Journal of Clinical and Cellular Immunology
Open Access
ISSN: 2155-9899
ISSN: 2155-9899
Julien van Grevenynghe, Xavier Dagenais-Lussier and Mouna Aounallah
INRS-Institut Armand Frappier, Canada
Posters & Accepted Abstracts: J Clin Cell Immunol
Immunology and metabolism have always been considered as distinct disciplines. However, recent advances in the understanding of immune functions under HIV-1 infection associate these branches with intricate networks. Today, we show that inflammation and kynurenines whose plasma levels are higher in HIV-1-infected subjects when compared to those of uninfected controls reduced the ability of memory CD4 T-cells to respond properly to IL-2. We found that in vitro treatment of memory CD4 T-cells with kynurenine results in oxygen reactive species (ROS) production that was responsible for inhibiting the phosphorylation of STAT5 factor following IL-2 stimulation. Interestingly, we found that memory CD4 T-cells from HIV- 1-infected subjects, even those with less than 3 months of presumed infection, displayed reduced ability to protect themselves against Fas-mediated apoptosis in the presence of IL-2 help.

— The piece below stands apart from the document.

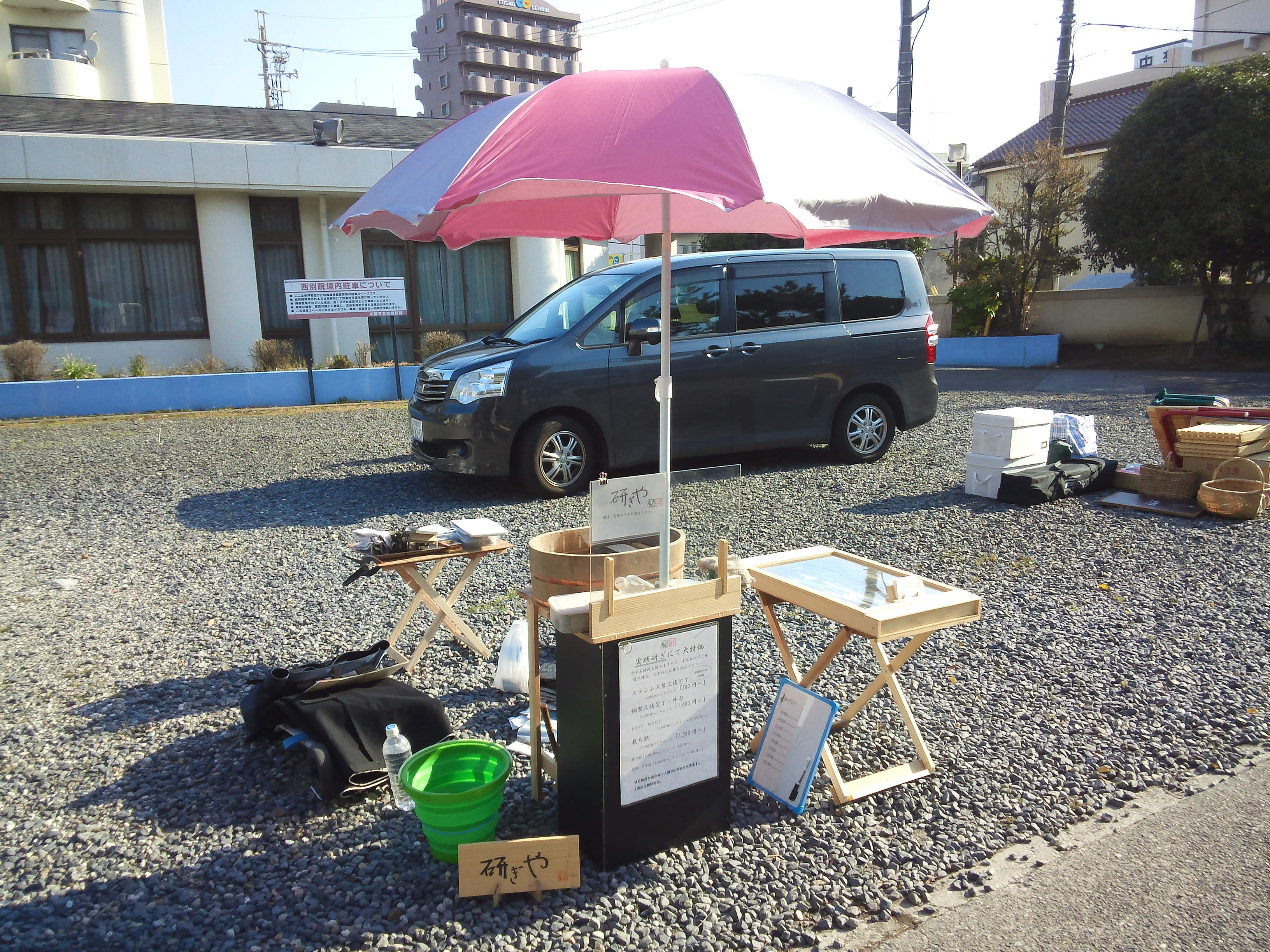 この後しばらく間があって、それからは、ずっと研いでました。後から郵送ご希望のお客さんもいたのですが、時間切れでお断りとなったお客さんも出ました。

The effect of kynurenines and subsequent oxidative stress was abrogated when HIV-1-infected subjects were treated with combined antiretroviral therapy (cART) early during the time course of their infection. Collectively, these data highlight the key role of inflammation and perturbed metabolism during HIV-1 infection, particularly in the survival of memory cells and the nature of HIV-1 reservoir.